▸ **Stored items**:
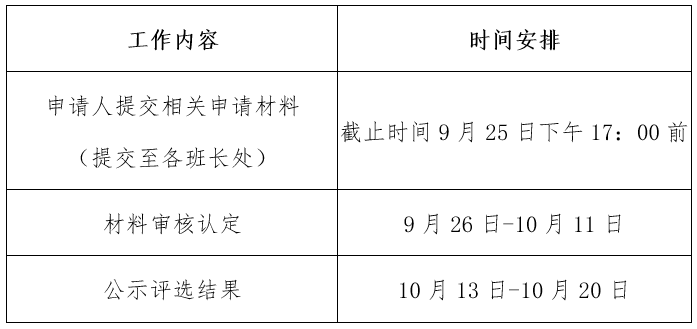 2、请按照时间节点提交申请材料至各班长处,过期取消申请资格。
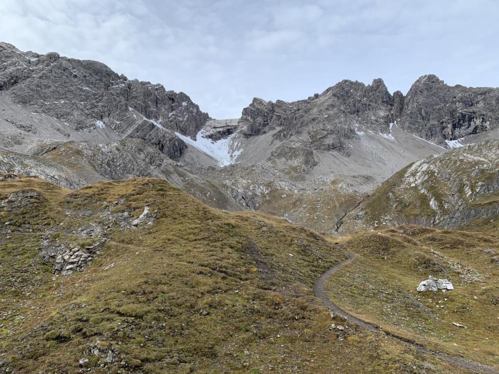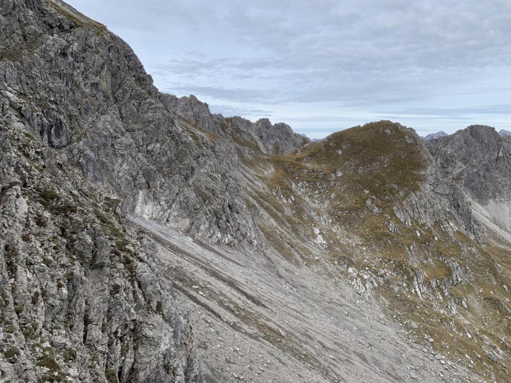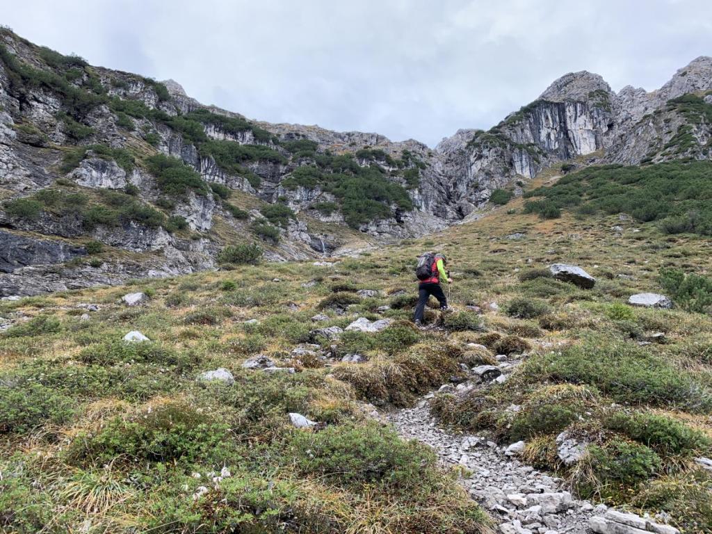 Unser weiterer Weg führt uns oberhalb der „Oberen Petschinger Böden“, unter der Großen Schafkarspitze auf teilweise ungutem Wege auf den Rücken des Hirschhals.
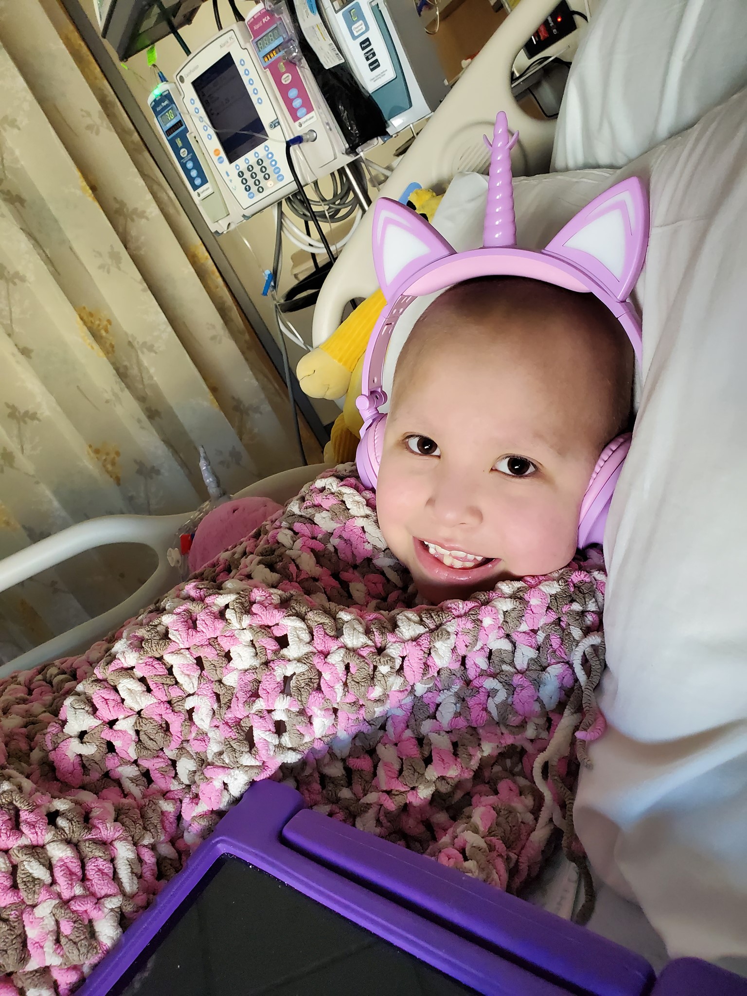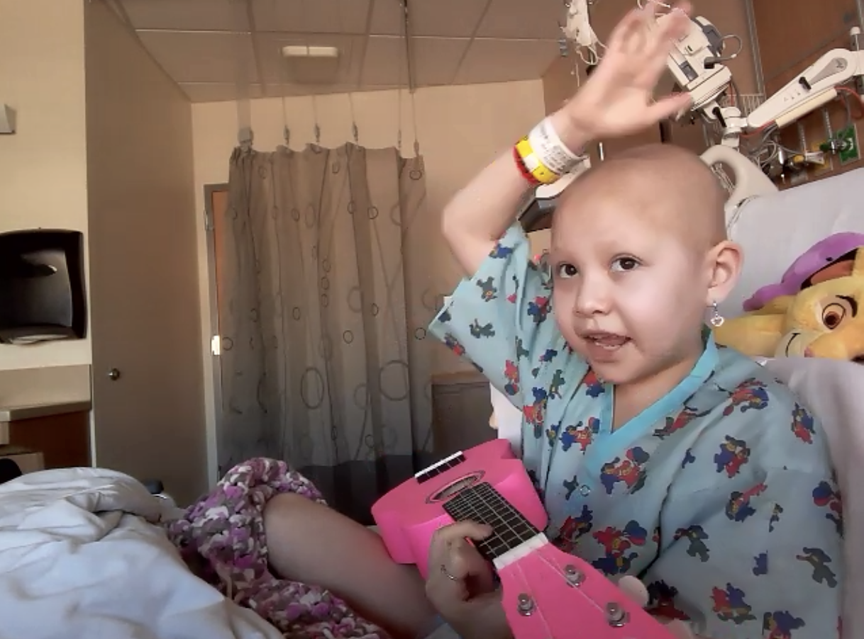 Meet CIENNA, she is seven years old, has the spirit of a warrior, plays the ukulele AND has stage 3 Diffused Large B-cell Lymphoma. Earlier this year Cienna started receiving treatment at UCSF Benioff Children’s Hospital. Her mom, Rachelyn, created a Facebook page to chronicle her journey: Cienna Crushes Cancer. Given that her home is in Humboldt County, some five and half hours from the hospital, Cienna, her dad, stepmom, mom, brother, and sister stay at Family House in San Francisco while she receives care.
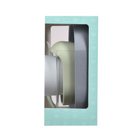 Zestaw utrzymany jest w pastelowych kolorach: talerzyk jest szary, miseczka jasnozielona, a kubeczek i łyżeczka – jasnoszare. Naczynia można myć ręcznie i w zmywarce, a także podgrzewać w mikrofalówce.
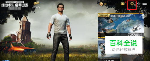 第一步在我们的手机里面打开绝地求生全军出击,进去之后,点击右上方的游戏设置图标,如下图所示:
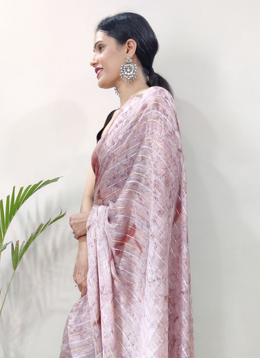 Contemporary Linen Tissue Pink Embroidered Saree
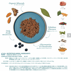 「より自然に、より新鮮に。」という理念のもと、全てのレシピに100%新鮮な生肉と天然素材を使用し、人工着色料・保存料・ミートミール・副産物を一切使わずに作られています。
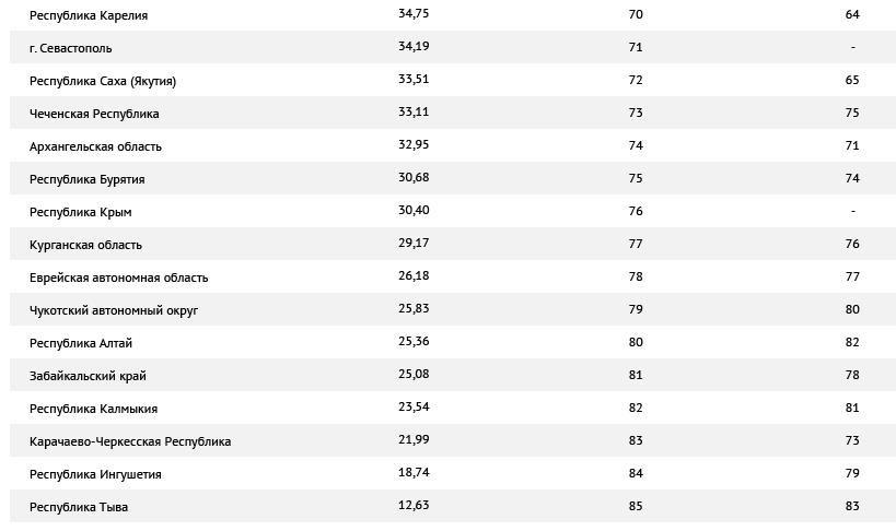 При этом Зауралье за год опустилось с 76-й позиции на 77-е место, оказавшись по соседству с Республикой Крым и Еврейской автономной областью. Лидеры – Москва, Санкт-Петербург и Московская область.
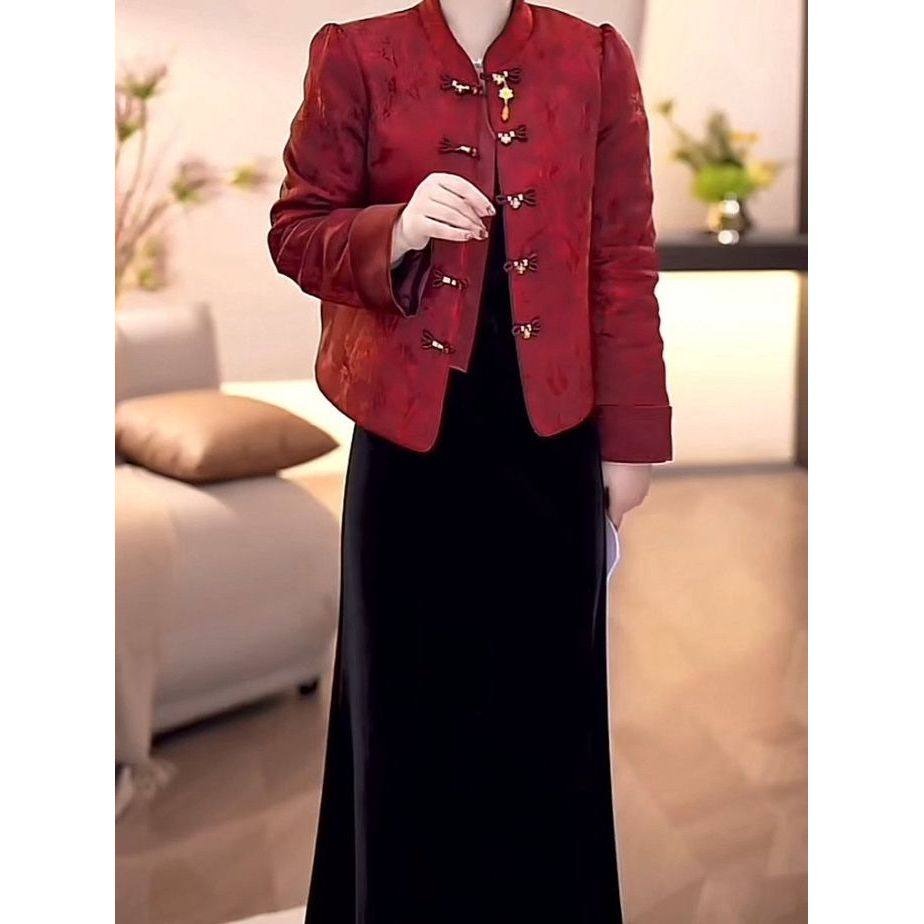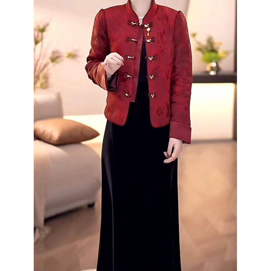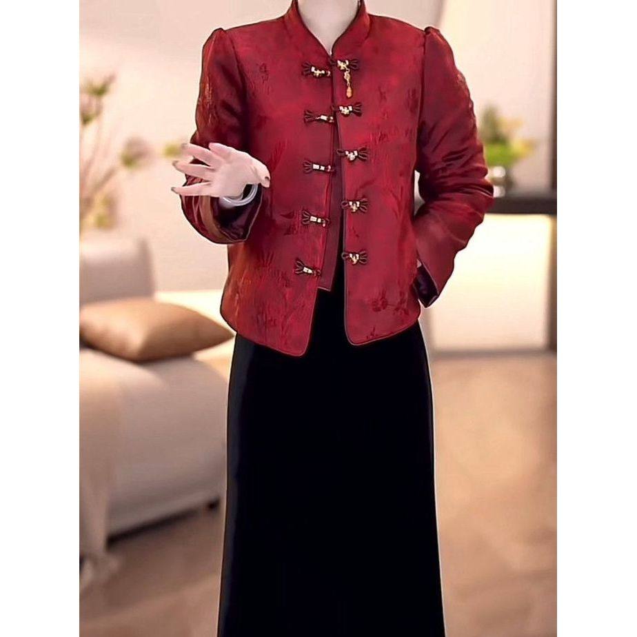 新中式夹棉加厚丝缎两件套半身裙2025冬新款时尚气质显瘦洋气套装

▸ **Assignment**: Your copy should consist only of the lines from the one containing "Contemporary Linen Tissue" through the last line of the entries above, reproduced exactly, without pictures.

▸ **Answer**:
 Contemporary Linen Tissue Pink Embroidered Saree
 「より自然に、より新鮮に。」という理念のもと、全てのレシピに100%新鮮な生肉と天然素材を使用し、人工着色料・保存料・ミートミール・副産物を一切使わずに作られています。
 При этом Зауралье за год опустилось с 76-й позиции на 77-е место, оказавшись по соседству с Республикой Крым и Еврейской автономной областью. Лидеры – Москва, Санкт-Петербург и Московская область.
 新中式夹棉加厚丝缎两件套半身裙2025冬新款时尚气质显瘦洋气套装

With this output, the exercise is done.